* **Listed records**:
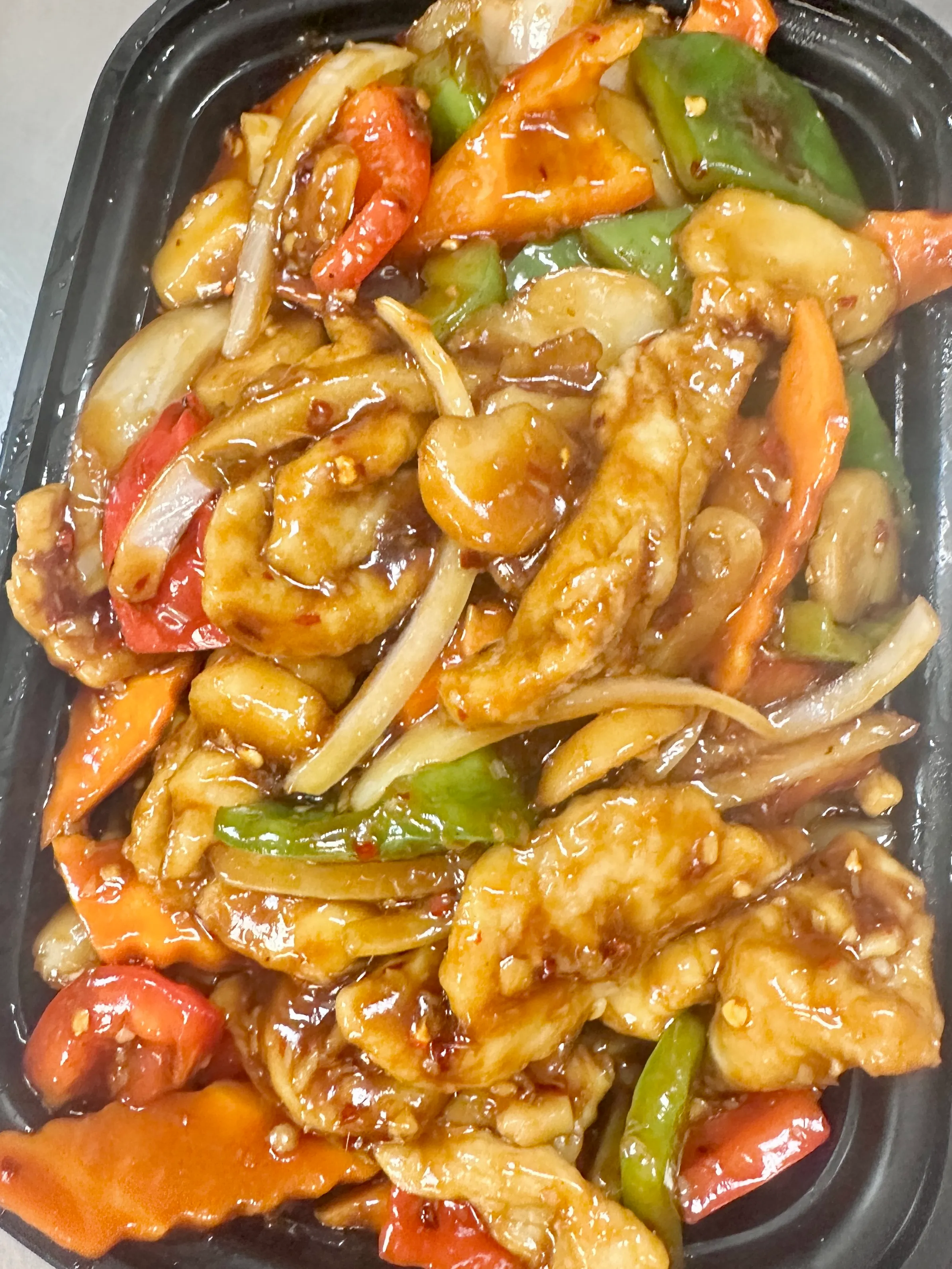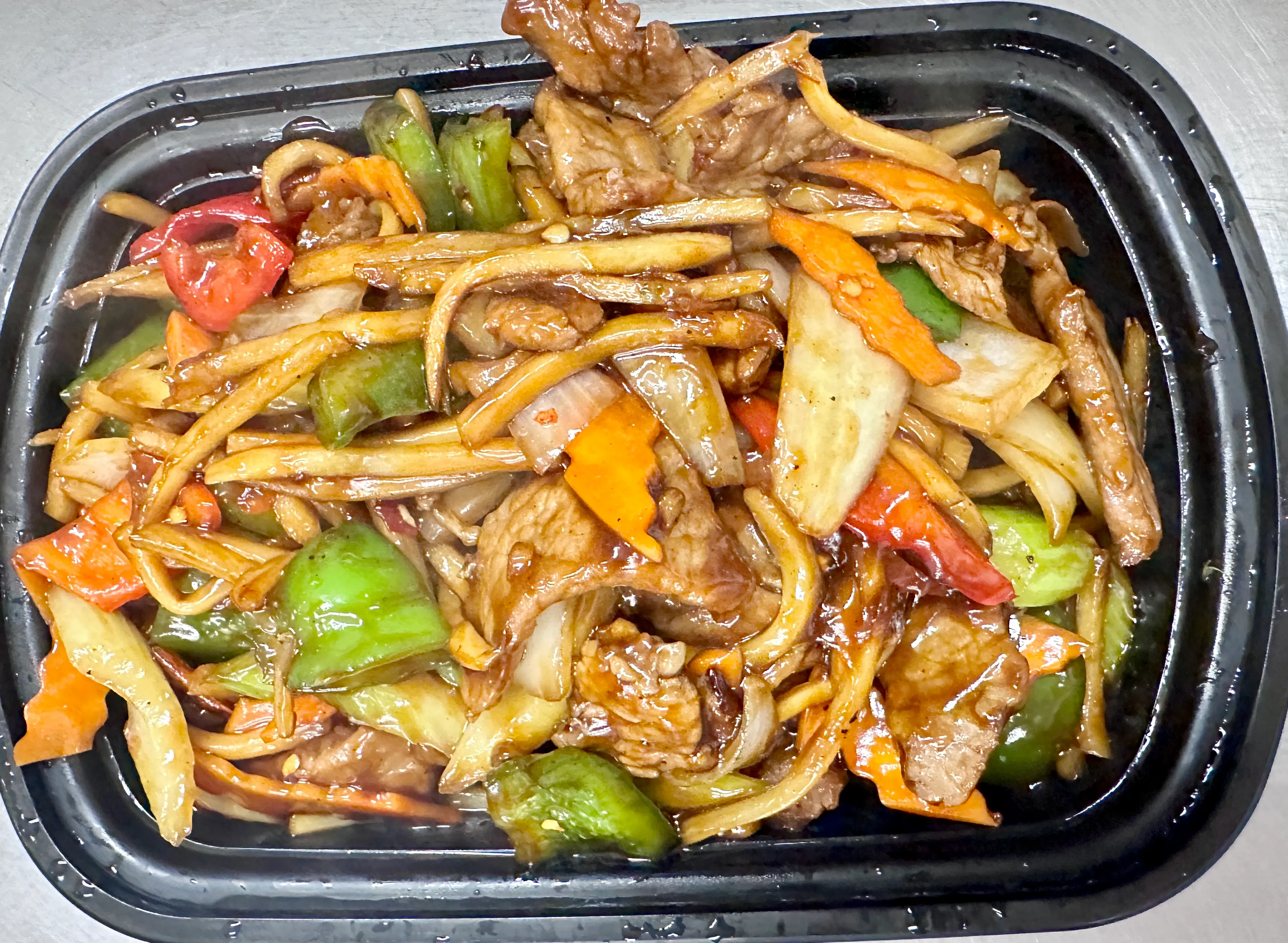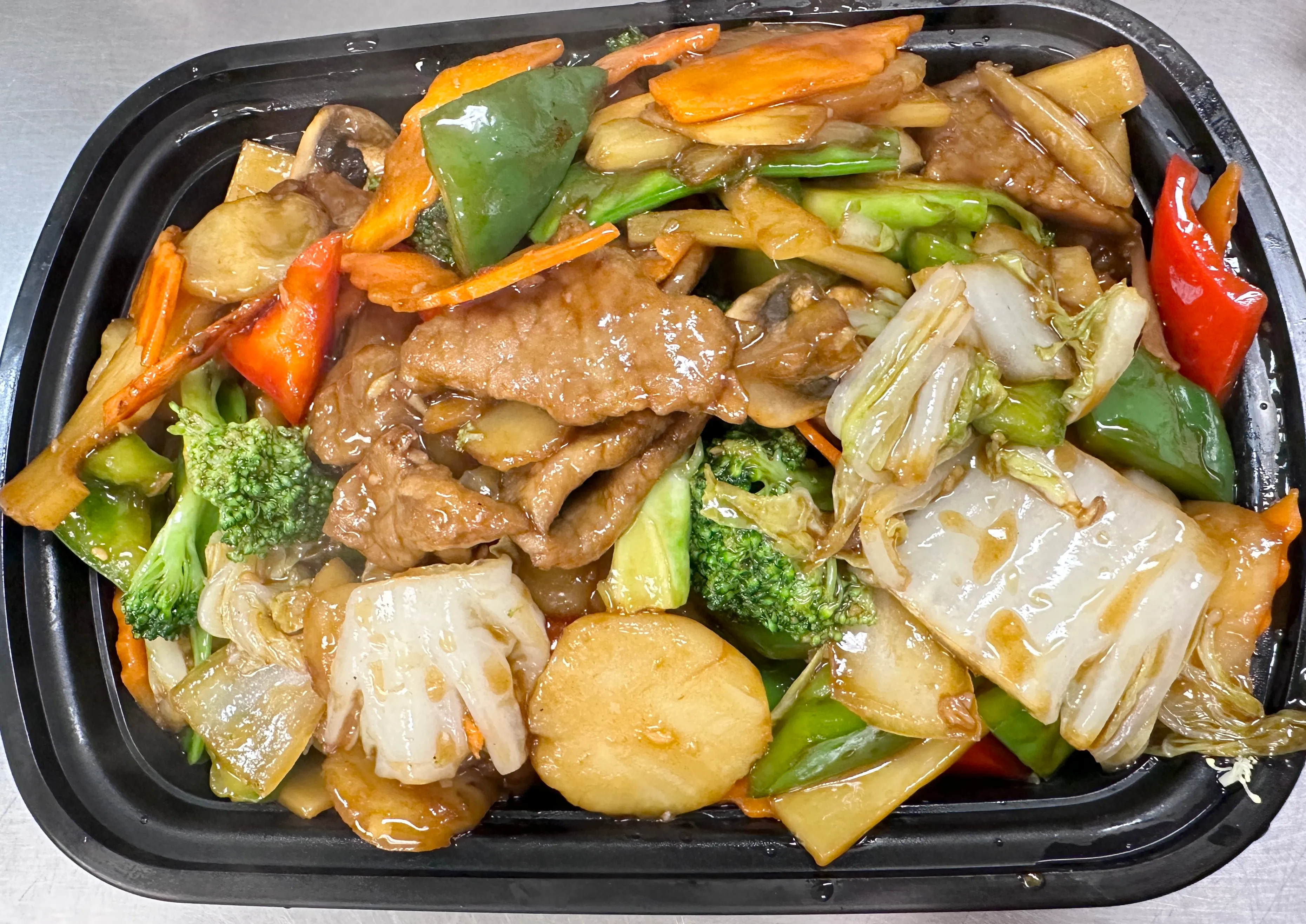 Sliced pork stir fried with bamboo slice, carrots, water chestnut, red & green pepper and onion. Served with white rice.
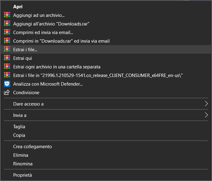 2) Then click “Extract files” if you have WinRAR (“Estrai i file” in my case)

==

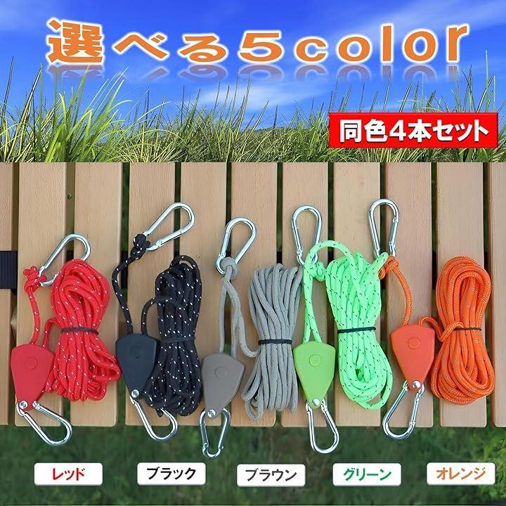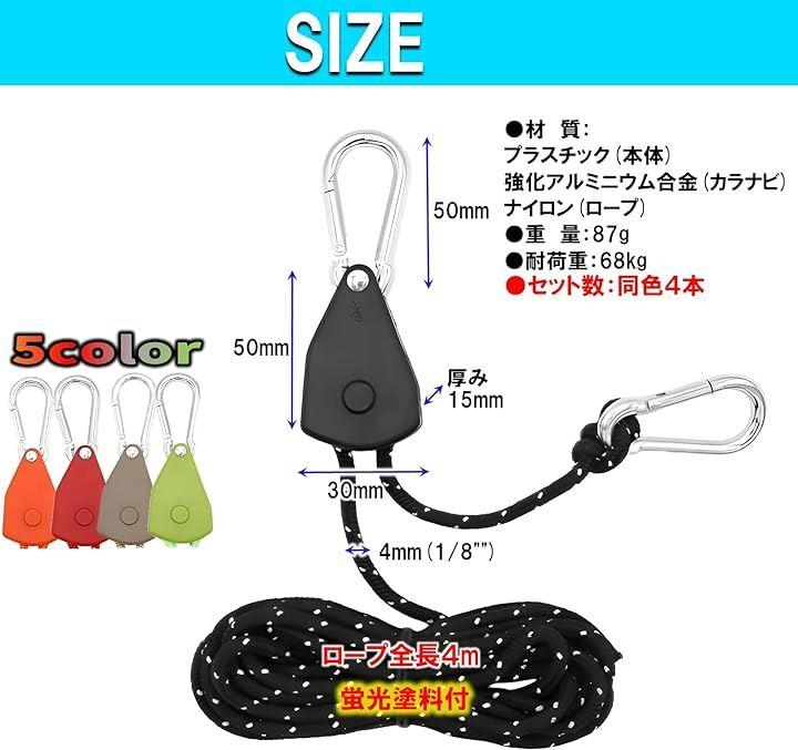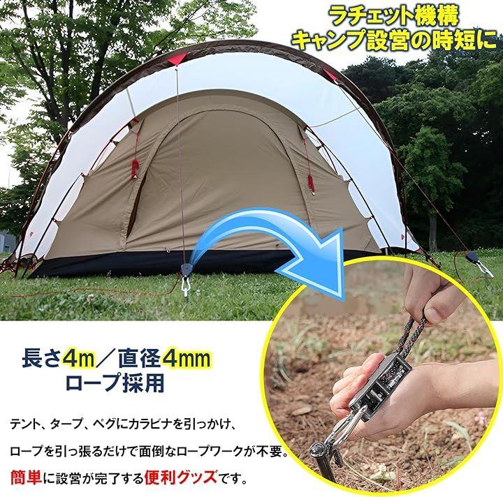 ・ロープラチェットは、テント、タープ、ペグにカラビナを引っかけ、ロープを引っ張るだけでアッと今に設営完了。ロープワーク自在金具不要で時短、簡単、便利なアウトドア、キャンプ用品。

* **What is being asked**:
Write out the lines above from the one with "Sliced pork stir" through the one with "2) Then click", ends included, exactly; no picture goes in.

* **Output of the task**:
 Sliced pork stir fried with bamboo slice, carrots, water chestnut, red & green pepper and onion. Served with white rice.
 2) Then click “Extract files” if you have WinRAR (“Estrai i file” in my case)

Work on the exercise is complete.